Latency Optimization: AI Explained

Layer 1: Surface

LLM latency is not a single number. It has three components that matter in different ways:

TTFT (Time to First Token): how long before the user sees any response. Determined by the prefill phase: how long it takes to process the input. This is what makes a chat interface feel snappy or sluggish.
TBT (Time Between Tokens): how quickly tokens arrive after the first one. Determined by the decode phase throughput. This is what makes streaming text feel smooth or choppy.
E2E (End-to-End time): total time from request to complete response. Relevant for batch processing and non-streaming applications.

For a streaming chat interface, TTFT dominates the user experience: users will wait 2 seconds before the first word but tolerate slower subsequent tokens. For a batch pipeline that processes thousands of documents, E2E matters and TTFT is irrelevant. Knowing which component you are optimizing changes which techniques you reach for.

The main levers:

Technique	Reduces	How
Prompt caching	TTFT	Skip reprocessing a shared prompt prefix
Speculative decoding	TBT, E2E	Generate multiple tokens per target model pass
KV cache reuse	TTFT	Share computed KV state across requests with same prefix
Flash Attention	TTFT, TBT	Reduce attention computation memory overhead
Smaller models	All	Less compute per token

Why it matters

Latency is user experience. An application that responds in under 500ms with streaming feels qualitatively different from one that takes 3 seconds before anything appears. Beyond UX, latency determines the cost of real-time applications: lower latency means fewer idle connections, fewer timeouts, and smaller infrastructure needed to meet SLAs.

Production Gotcha

Common Gotcha: Prompt caching is cache-invalidated by any change to the cached prefix: a timestamp or session ID at the start of the system prompt defeats the cache entirely. Put all static content first in the prompt (system instructions, tool definitions, documents) and all variable content last (user message, session context). Any dynamic value in the cached prefix means every request is a cache miss.

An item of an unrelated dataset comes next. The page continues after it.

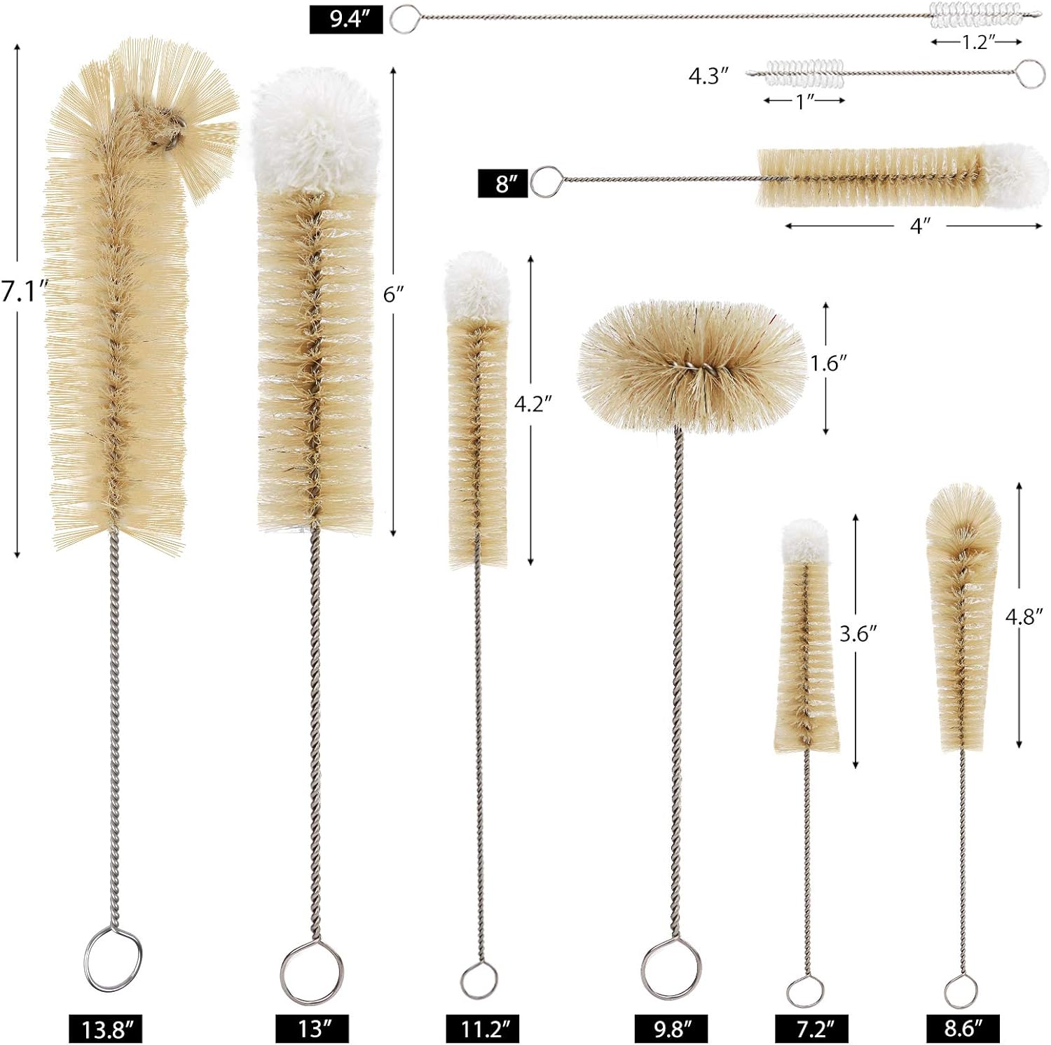 【High Quality】: Our bottle brush set is made of durable and non-scratch natural pig hair. BPA free, 9 piece bottle brushes are available in different sizes, suitable for your all needs. The bristles have smooth feel and non-toxic smell, are arranged neatly and densely, has strong toughness and anti-aging, are safe to use.

This mistake is extremely common. Teams add prompt caching to their system prompt for performance, then find a session ID, request timestamp, or personalization token in the cached portion, and every request becomes a cache miss. The rule is structural: sort your prompt by stability. System instructions first. Tool definitions second. Retrieved documents third. User message last.

Layer 2: Guided

Measuring the three latency components

import time
from dataclasses import dataclass

@dataclass
class LatencyMeasurement:
    request_id: str
    request_start: float
    first_token_time: float | None = None
    last_token_time: float | None = None
    token_timestamps: list[float] = None

    def __post_init__(self):
        self.token_timestamps = self.token_timestamps or []

    def record_token(self):
        now = time.monotonic()
        if self.first_token_time is None:
            self.first_token_time = now
        self.last_token_time = now
        self.token_timestamps.append(now)

    def ttft_ms(self) -> float | None:
        if self.first_token_time is None:
            return None
        return (self.first_token_time - self.request_start) * 1000

    def tbt_p50_ms(self) -> float | None:
        """Median time between tokens (decode throughput indicator)."""
        if len(self.token_timestamps) < 2:
            return None
        gaps = [
            (self.token_timestamps[i+1] - self.token_timestamps[i]) * 1000
            for i in range(len(self.token_timestamps) - 1)
        ]
        gaps.sort()
        return gaps[len(gaps) // 2]

    def e2e_ms(self) -> float | None:
        if self.last_token_time is None:
            return None
        return (self.last_token_time - self.request_start) * 1000

    def tokens_per_second(self) -> float | None:
        if len(self.token_timestamps) < 2 or self.last_token_time is None:
            return None
        duration = self.last_token_time - self.first_token_time
        return len(self.token_timestamps) / duration if duration > 0 else None


def instrument_streaming_request(stream_fn, prompt: str) -> LatencyMeasurement:
    """Wrap a streaming inference call to capture all three latency components."""
    measurement = LatencyMeasurement(
        request_id=str(time.monotonic()),
        request_start=time.monotonic(),
    )
    for token in stream_fn(prompt):
        measurement.record_token()
    return measurement

Prompt caching: structure your prompts correctly

Prompt caching (supported by Anthropic, OpenAI, and most production serving frameworks) works by hashing the prefix of a prompt and checking if the KV state for that prefix is already computed. On a cache hit, the server skips the prefill computation for the cached portion.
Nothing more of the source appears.